Consumers who live in a place with legalized medicinal or recreational cannabis can access oils and other products that contain both CBD and THC in abundance. Then it becomes a game of figuring out which ratio is most appropriate for you. A “CBD oil” in Canada, for example, generally refers to full spectrum oil made from a plant high in CBD. In the U.S., on the other hand, CBD oil is hemp-based or a CBD isolate product.
Step 5: Choose an Appropriate CBD Concentration
This is arguably the most important part. CBD oil comes in a range of potencies, and is labeled either by percentage of CBD in the oil (typically from 2 to 20 percent) or amount of CBD in milligrams, such as 250 mg or 1,000 mg. In both cases, the higher the number, the more powerful the product.
As with any new medicinal substance, it’s always best to start small and build up. The good news is that CBD has no reported adverse side effects and is safe for use with all patients. It’s just that higher potencies tend to cost a lot more, and you don’t want to be wasting your money when a lower concentration would suffice. So consider what lines up with your budget.
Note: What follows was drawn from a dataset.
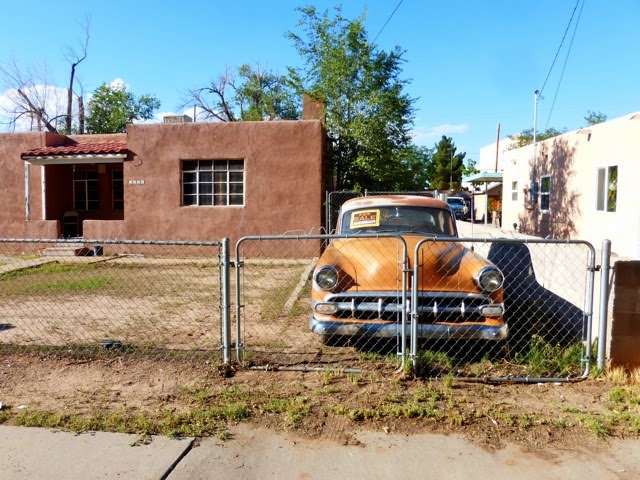 Over the last year or so I've done a few Autoliterate posts on Llano Estacado. So you know I'm obsessed with that West Texas/eastern New Mexico high plains region. One way of working through an obsession is writing a novel. My third novel "Karin"-- which will be out in Fall 2015 in US & Canada --is a Llano Novel (though mostly set in Frankfurt Germany in the 1930s). Some key chapters happen in and just west of Lubbock. If you're wondering about the connection between nazified Frankfurt and West Texas, check this post.I'm trying to ID this car: I'd say Plymouth Fury III, 1970. Stylish machine. That avacado-ish green was the tone poem of the Seventies. My Maine/Marfa truck is painted in a close but slightly different shade. Track the Plymouth on Lubbock Architecture's Facebook page. (My novel also happens to feature a Plymouth out on the Llano).

Other Things To Consider Before Buying CBD Oil
CBD oil must be extracted from the cannabis or hemp plants, and the method of extraction is important. The best CBD oils are extracted via a process using CO2 (carbon dioxide), but can use natural oils like olive or coconut. However, some manufacturers use chemicals like butane to extract CBD, which can leave the final product with unwanted chemical remnants. Before you buy a product, check out how the CBD has been extracted. If the bottle doesn’t say, don’t buy it.
While the method of delivery of CBD can make a difference in effectiveness, it’s likely very small. Instead of haranguing yourself about it, choose the CBD oil that best fits into your lifestyle. There are tincture drops that can be placed on or under your tongue or pills for discrete users, while other people may opt for quick-acting vape oils in the privacy of their own home.
The bottom line is that the more you know going in, the better your experience is going to be. Don’t be afraid to read labels. If you can check for potency and extraction method alone, you’ll be well ahead of the game.